Extracted records

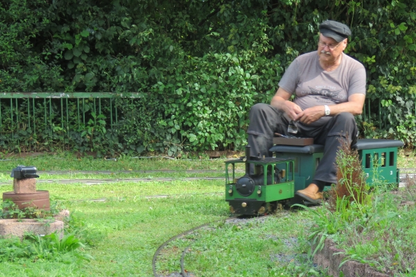 Wolfgang und Udo traf ich, beide waren heute ohne eigene Fahrzeuge da. Sie hatten gestern eine Dampflokomotive getestet, die zuvor eine sehr lange Standzeit hatte und die Wolfgang nun wieder fahrbar gemacht hatte. Sie stand nun wieder wie neu unter Dampf und Druck und war seidenweich gefahren; sehr zur Freude der beiden. Zudem hatte Wolfgang besuch aus Schweden, ein Eisenbahnfreund hatte von ihm eine Dampflokomotive T3 gekauft, ausprobiert und gleich mitgenommen. |
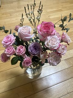 多くの種類のローズが入ってました。私の好きなパープルのローズも2本入っていてとても嬉しかったです。この後どのくらい元気でいてくれるか楽しみです。日々の生活に花がある喜びを香りと共に過ごせそうです✨(ハランは庭から追加しています)
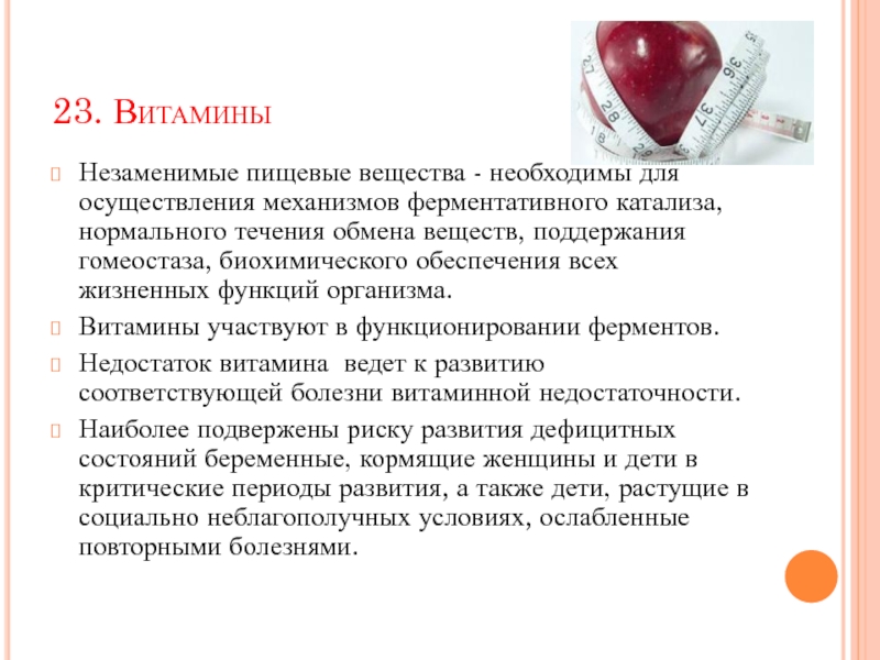 Незаменимые пищевые вещества - необходимы для осуществления механизмов ферментативного
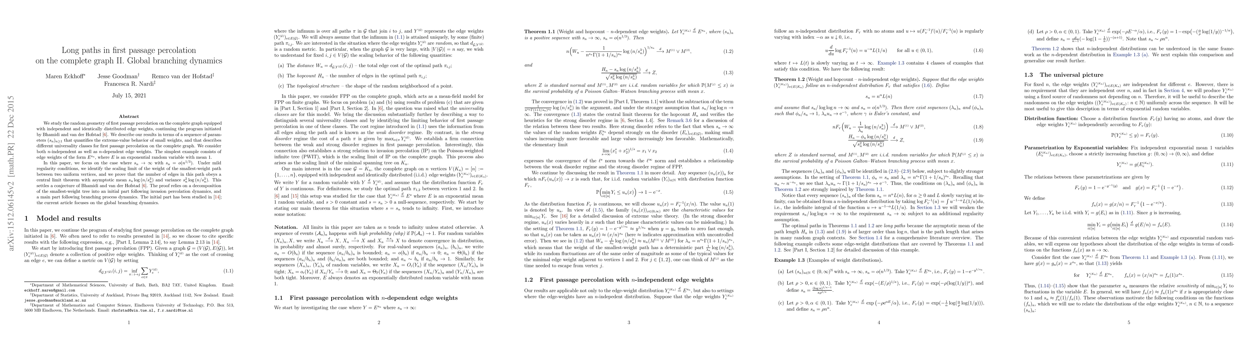 This paper investigates the global branching dynamics in first passage percolation on the complete graph with independent edge weights, extending previous work by Bhamidi and van der Hofstad. It identifies the scaling limit of the smallest-weight path between two vertices and proves a central limit theorem for the number of edges in this path, settling a conjecture by confirming the asymptotic mean and variance.
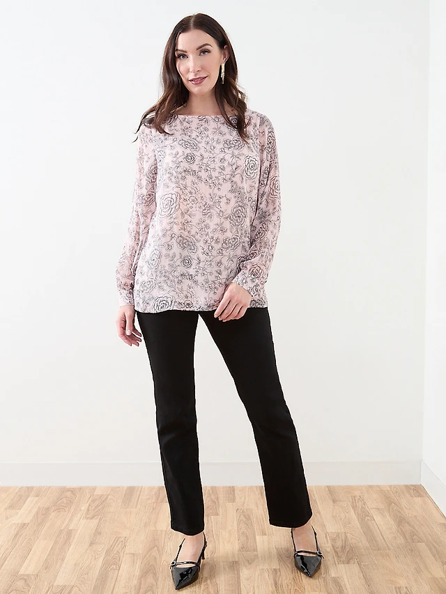 Petite Long Sleeve Button-Cuff Chiffon Blouse

Work required
Retype the lines exactly. Begin at the one that holds "This paper investigates", stop at the last line of the entries above, and drop the pictures.

Exercise response
 This paper investigates the global branching dynamics in first passage percolation on the complete graph with independent edge weights, extending previous work by Bhamidi and van der Hofstad. It identifies the scaling limit of the smallest-weight path between two vertices and proves a central limit theorem for the number of edges in this path, settling a conjecture by confirming the asymptotic mean and variance.
 Petite Long Sleeve Button-Cuff Chiffon Blouse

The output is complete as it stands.